Segment Open
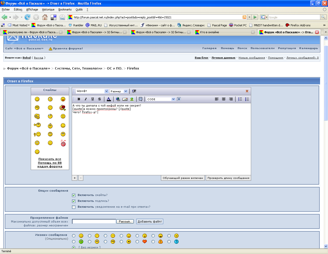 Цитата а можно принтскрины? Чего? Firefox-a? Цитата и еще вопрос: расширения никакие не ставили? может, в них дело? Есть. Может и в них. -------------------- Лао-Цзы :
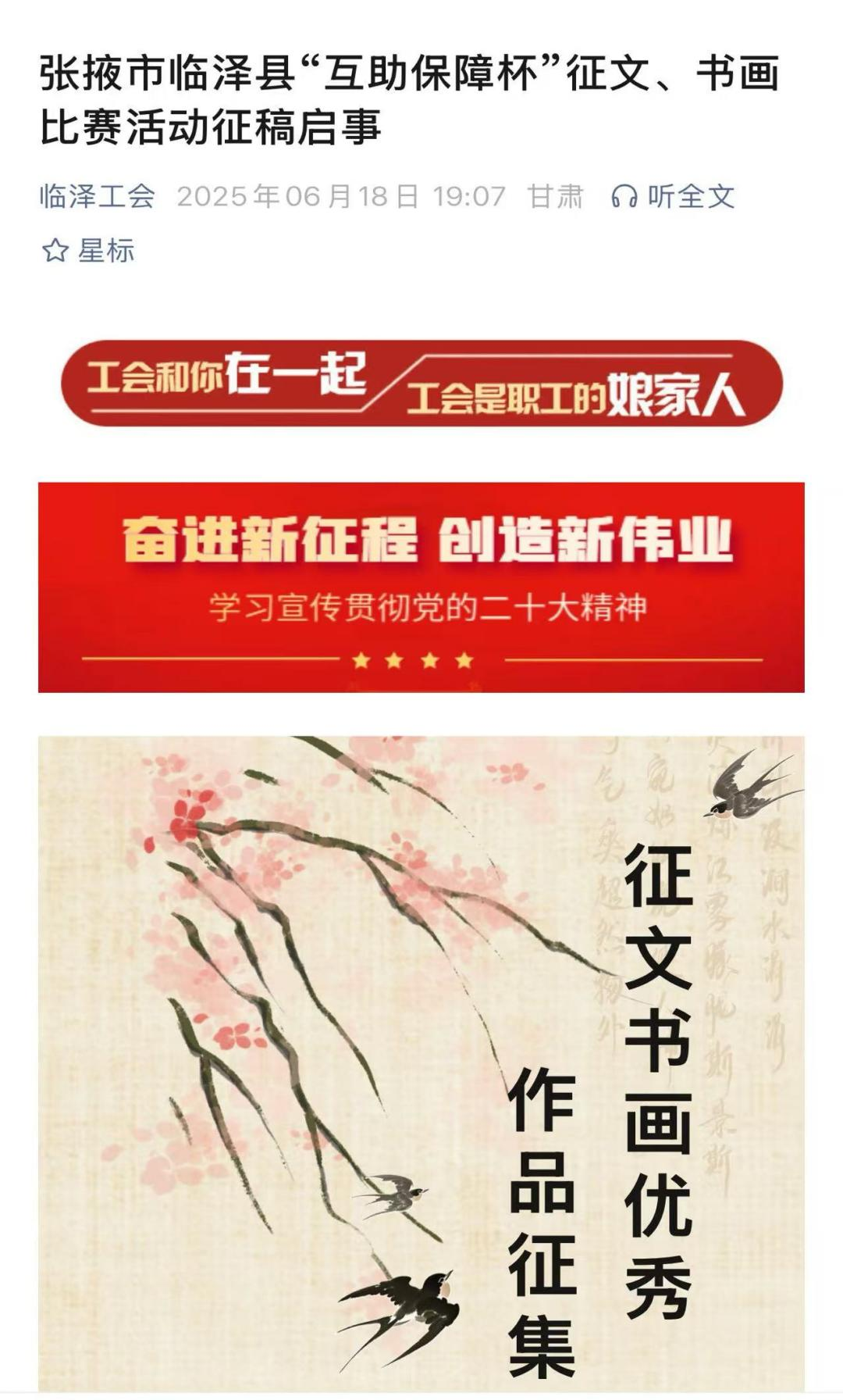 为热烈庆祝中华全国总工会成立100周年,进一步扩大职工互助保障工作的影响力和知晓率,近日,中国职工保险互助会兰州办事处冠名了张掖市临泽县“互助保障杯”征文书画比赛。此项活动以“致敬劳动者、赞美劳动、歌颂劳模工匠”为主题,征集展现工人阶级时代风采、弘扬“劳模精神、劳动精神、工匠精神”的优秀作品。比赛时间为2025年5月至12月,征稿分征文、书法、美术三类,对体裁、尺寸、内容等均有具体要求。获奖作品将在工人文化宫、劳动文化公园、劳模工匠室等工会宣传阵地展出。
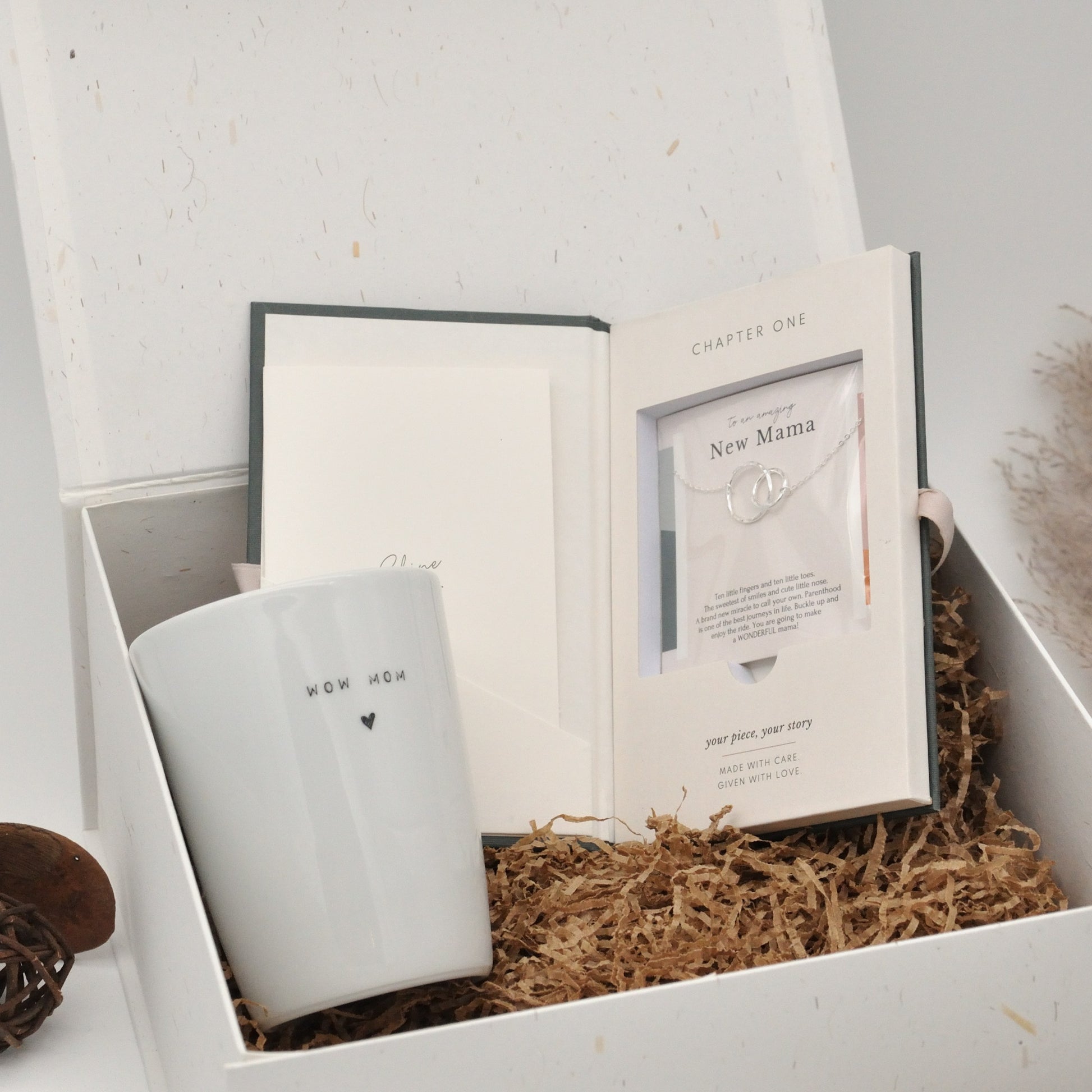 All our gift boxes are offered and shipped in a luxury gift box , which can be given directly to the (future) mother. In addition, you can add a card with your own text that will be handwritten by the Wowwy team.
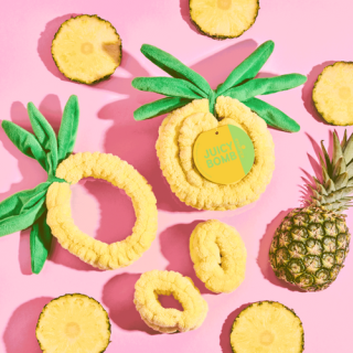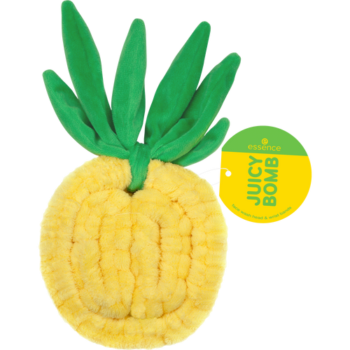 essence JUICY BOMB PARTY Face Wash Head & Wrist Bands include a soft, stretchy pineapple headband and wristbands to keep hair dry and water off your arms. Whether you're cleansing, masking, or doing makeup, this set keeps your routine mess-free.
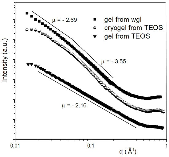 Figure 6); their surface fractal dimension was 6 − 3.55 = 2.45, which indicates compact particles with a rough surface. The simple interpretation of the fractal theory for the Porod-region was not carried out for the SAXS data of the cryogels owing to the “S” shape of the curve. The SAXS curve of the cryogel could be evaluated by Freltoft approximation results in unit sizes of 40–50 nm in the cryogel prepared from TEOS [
Segment Closed
■ **ACTIVITY**:
The pictures are to be omitted, and the rest of the listing is to be transcribed exactly.

■ **TASK SOLUTION**:
 Цитата а можно принтскрины? Чего? Firefox-a? Цитата и еще вопрос: расширения никакие не ставили? может, в них дело? Есть. Может и в них. -------------------- Лао-Цзы :
 为热烈庆祝中华全国总工会成立100周年,进一步扩大职工互助保障工作的影响力和知晓率,近日,中国职工保险互助会兰州办事处冠名了张掖市临泽县“互助保障杯”征文书画比赛。此项活动以“致敬劳动者、赞美劳动、歌颂劳模工匠”为主题,征集展现工人阶级时代风采、弘扬“劳模精神、劳动精神、工匠精神”的优秀作品。比赛时间为2025年5月至12月,征稿分征文、书法、美术三类,对体裁、尺寸、内容等均有具体要求。获奖作品将在工人文化宫、劳动文化公园、劳模工匠室等工会宣传阵地展出。
 All our gift boxes are offered and shipped in a luxury gift box , which can be given directly to the (future) mother. In addition, you can add a card with your own text that will be handwritten by the Wowwy team.
 essence JUICY BOMB PARTY Face Wash Head & Wrist Bands include a soft, stretchy pineapple headband and wristbands to keep hair dry and water off your arms. Whether you're cleansing, masking, or doing makeup, this set keeps your routine mess-free.
 Figure 6); their surface fractal dimension was 6 − 3.55 = 2.45, which indicates compact particles with a rough surface. The simple interpretation of the fractal theory for the Porod-region was not carried out for the SAXS data of the cryogels owing to the “S” shape of the curve. The SAXS curve of the cryogel could be evaluated by Freltoft approximation results in unit sizes of 40–50 nm in the cryogel prepared from TEOS [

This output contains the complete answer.